College of Graduate and Continuing Studies master’s degree recipient receives American Foreign Service Association creative dissent award
Ruling majorities often push dissenters to the margins (and into the historical dustbin). But a Norwich alumnus who earned two master’s degrees at the university won an American Foreign Service Association award for disagreeing agreeably.
David Heddleston, a supervisory special agent for the State Department’s Diplomatic Security Service, last month received the association’s W. Averell Harriman Award for Constructive Dissent. In an eight-page cable sent in December 2019, Heddleston, who earned master’s degrees in criminal justice administration and diplomacy in 2019 and 2020 through the College of Graduate and Continuing Studies, urged the State Department to re-examine overseas security measures.
“No doubt, my studies at Norwich … equipped me with the ability to draft cogent, documented, researched and poignant products which directly transposed from the theoretical into the practical realm.” David Heddleston M’18 and ’19
On its website, the Washington, D.C.-based association said the constructive dissent prize goes annually to a foreign service specialist who has exhibited extraordinary accomplishment involving initiative, integrity and intellectual courage in the context of constructive dissent.
Heddleston’s colleague Timothy D. Pittman nominated him for the award, announced in the Foreign Service Journal’s December 2020 issue.
In an Aug. 19 email to Lasha Tchantouridzé, who directs the diplomacy and international relations programs for Norwich’s graduate school, Heddleston said his award-winning argument centered on Diplomatic Security Service vehicle policy.
Heddleston, a supervisory special agent at the Diplomatic Security Service’s Orlando, Florida, hub, argued that overseas special agents, who are protecting colleagues or conducting investigations, needed the same vehicle access that domestic special agents performing the same duties enjoy.

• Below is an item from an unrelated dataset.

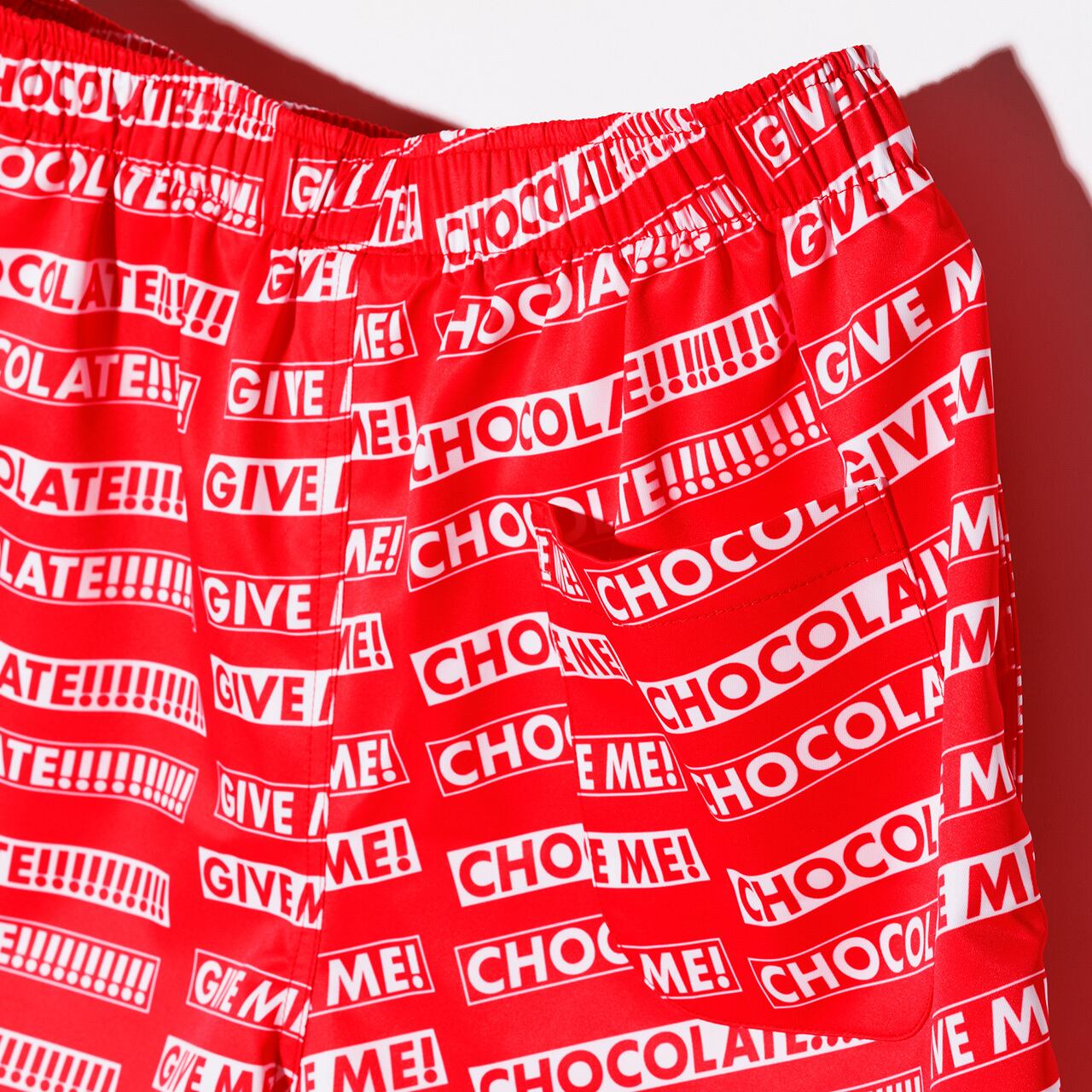 GIVE ME CHOCOLATE!ロゴがテキスタイルになっているショートパンツです。 ポリエステル100% ※こちらの商品は【受注商品】となっております。お届けまでに3週間ほどお時間頂きますので、ご了承下さい。

Official department policy, not diplomatic post managers’ whims, should dictate this vehicle access, Heddleston said.
“Some posts argue insufficient vehicles exist, while others have plenty of vehicles but refuse to allow DSS agents to utilize them,” he told the journal. “Foreign policy and fiscal budget planning remain lacking in this regard.”
In his August email to Tchantouridzé, Heddleston said his cable stirred action in early 2020, reaching the undersecretary for management and the assistant secretary for diplomatic security. Leaders convened to review his points and devise an action plan, Heddleston wrote.
“No doubt, my studies at Norwich … equipped me with the ability to draft cogent, documented, researched and poignant products which directly transposed from the theoretical into the practical realm,” Heddleston wrote. “As I reached the midpoint of my career, I observed the value for constructive dissent and admired my colleagues who took the courage to point out issues and deficiencies, but also took the steps to offer recommendations and the means to resolve such issues.”
Tchantouridzé said students in the College of Graduate and Continuing Studies’ diplomacy program train rigorously, completing numerous written assignments including analytical papers, reports, reviews, commentaries, discussion contributions, and case studies.
“By the time they are done, they would have written 60,000 to 90,000 words — a medium-size book,” Tchantouridzé said “The diligent students like Dave use this opportunity to hone their written communication skills so that the knowledge they acquire in our university is put to proper and effective use.”
Tchantouridzé said dissent channel communications, introduced during President Richard Nixon’s administration, can be neither suppressed nor ignored; State Department leaders must acknowledge and respond promptly.
He said dissent cable authors need two essential skills: writing clear enough to outline the problem with the current policy and its potential remedies and enough restraint to emphasize the “constructive” in “constructive criticism.”
“Those resorting to the dissent channel will do well to keep in mind that those in Washington who read these cables may not be intimately familiar with the problem,” Tchantouridzé wrote. “It is never a good idea to be carried away with the ‘criticism’ aspect of the message.”
“I am enormously proud to receive this award and I am also enormously proud to be a Norwich graduate.” David Heddleston M’18 and ’19
In the Foreign Service Journal article, Heddleston called dissent essential for a healthy Foreign Service.
“I am not the only member of the Foreign Service to vocalize concerns over DSS’ ability to deliver effective service to our constituents abroad,” he told the journal. “It is the actions of my dedicated colleagues and senior leadership in response that make my dissent relevant.”
Heddleston, who earned a bachelor’s degree in criminology from the University of South Florida, enlisted in the U.S. Army Military Police Corps in 2001 and rose to the sergeant’s rank. He did two tours of duty during Operation Iraqi Freedom and served abroad in Iraq, Nigeria, Libya, Kenya and Oman. He served domestically at the State Department’s Diplomatic Security Service’s Washington Field Office, the Office of Special Investigations and the Office of Protective Intelligence Investigations.
“I am enormously proud to receive this award,” Heddleston told Tchantouridzé, “and I am also enormously proud to be a Norwich graduate.”